An external benefit in consumption is the vaccination of an individual against various deseases. It reduces the possibility of others catching the deseases who come in contact with the vaccinated individual.

Private benefits

In a free market, consumers are only concerned with the private benefits or utility from consuming a goo or service. Economists assume this can be measured by the price that consumers are prepared to pay for the good or service. Private benefits may also refer to the revenue that a firm obtains from selling a good or service.

Social benefits

By adding private benefits to external benefits we obtain social benefits. this means external benets are the difference between private benefits and social benefits.  The marginal private benefit and marginal social benefit curves often diverge, indicating that external benefits increase disproportionally with output consumed. However, it is possible that external benefit per unit consumed will remain constant – the the marginal social benefit an the marginal private benefit curves are drawn parallel to each other.

[diagram on page 39]

The free-market equilibrium

The supply curve for a firm is the marginal private cost curve (MPC).  The addition of all MPC curves in the market for a particular good or service will form the market supply curve.

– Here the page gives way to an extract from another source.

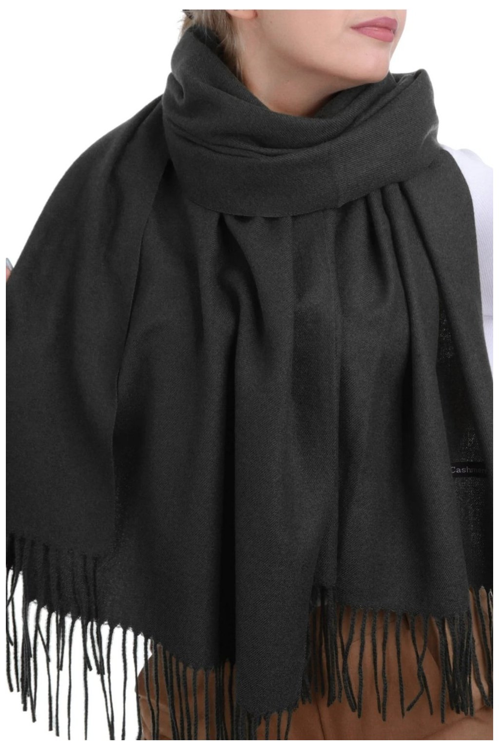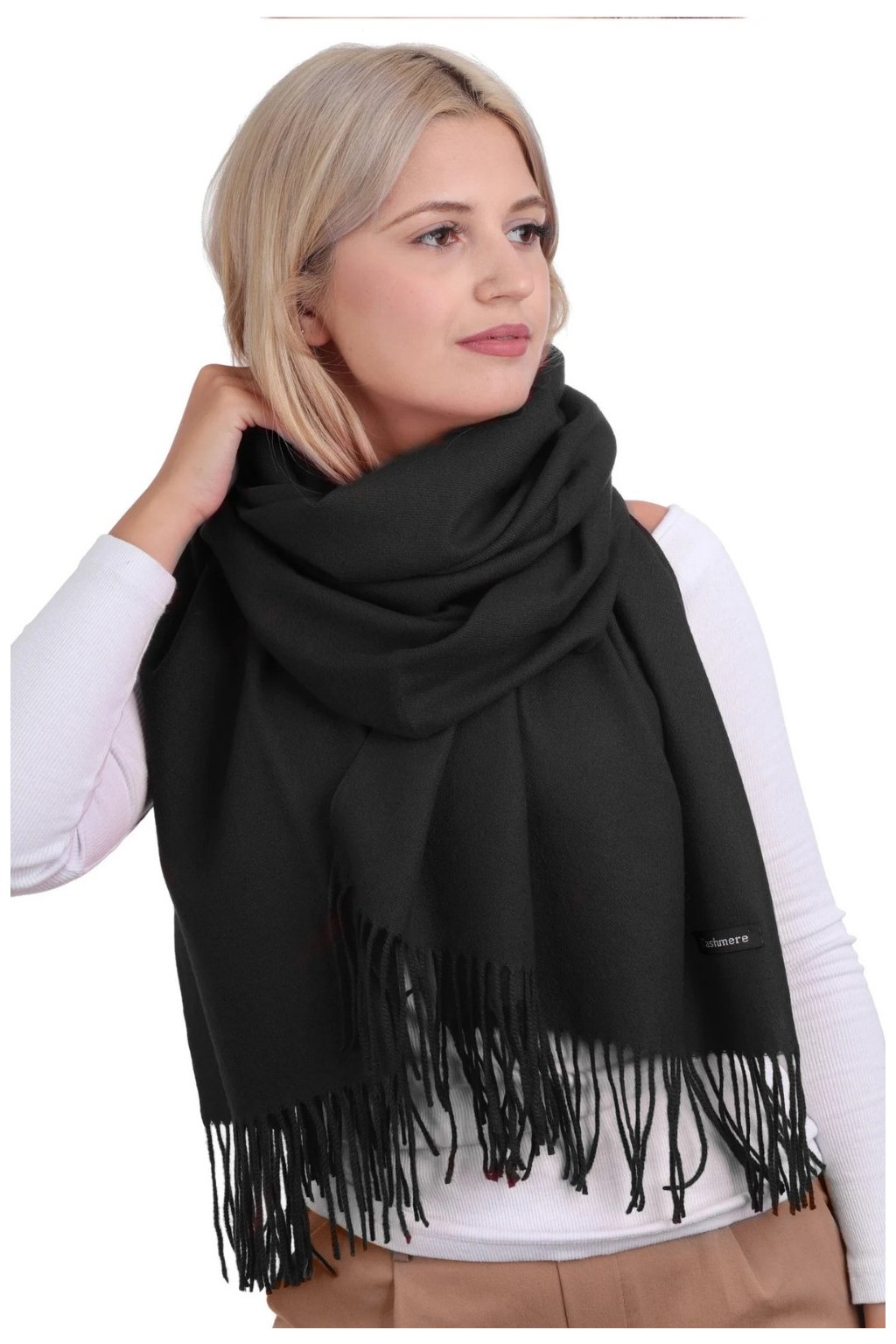 černý šál, dámský zimní šál, teplý šál s třásněmi, viskózový šál, elegantní dámský šátek, podzimní a zimní šál, šál k šatům, hřejivý šál.
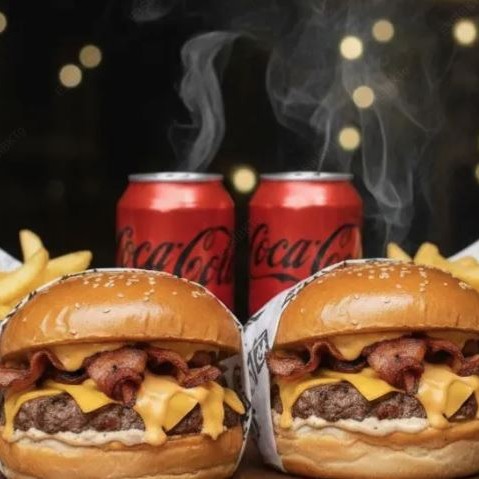 Hambúrguer - 1 Delicioso Mv burguer ,pão brioche burguer 150 queijo mussarela alface americana tomate e molho da casa .1 Delicioso Fabuloso pao brioche delicioso burguer 150 gramas queijo cheddar bacon fatiado e molho da casa 2 refri lata (Guaraná ou coca) + 2 batatas fritas

The demand curve for consumers is the marginal private benefit curve (MPB). Economists assume that it is possible to measure the benefit obtained for consuming a good by the price people are prepared to pay for it. As an individual consumers more unit of good, the marginal benefit (marginal utility) will fall. This is why the demand curve slopes downwards from left to right. The addition of all the consumers’ MPB curves for a particular good or service will form the demand curve.

Market equilibrium occurs where marginal private benefit equals marginal private cost.

The socially optimal equilibrium

The socially optimal level of output or price for a good or service occurs when marginal social costs equals marginal social benefit. The social cost of producing a the last unit of output equals the social benefit from consuming it. When the socially optimal level is reached in a market, welfare is maximised.

External costs and the triangle of welfare loss

[diagram on page 40]

The free market ignores negative externalities. However, adding external costs on to the production of a good or service, such as the production of chemical hoods, the socially optimal price is at OP1, and quantity OQ1. When external costs are ignored there is under-pricing, and over-production. There is an excess of social costs over social benefits for the marginal output between Qe and Q1.

The marginal social cost of the output slice o QeQ1 is QeWYQ1m which exceed the marginal social benefit of the output QeXYQ1. The excess social costs over social benefits is shown by the triangle XWY. This is the area of welfare loss to society, the market has failed since negative externalities are ignored.

External benefits and the triangle of welfare gain

The free market ignores positive externalities. However, adding external benefits on to the consumption of a good or service, suc as the consumption of vaccinations, causes the demand curve to shift to the right and become the marginal social benefit curve, shown in the diagram below.

Assuming there are no external costs in the consumption of vaccinations in a free market, the socially optimal price in the consumption of vaccinations is at OP2, and quantity is at Q2. When external benefits are ignored, there is under-pricing and under-production. There is an excess of social benefits over social costs for the marginal output between Qe and Q2. Thus, by raising output from 0Qr to 0Q2, welfare could be increased.

The marginal social benefit of the output slice QeQ2 is QeMTQ2, which exceeds the marginal social cost of this output QeZTQ2. The excess of social benefits over social gains is shown by the triangle MTZ. This is the area of welfare gain to society; the market has failed since these positive externalities are ignored.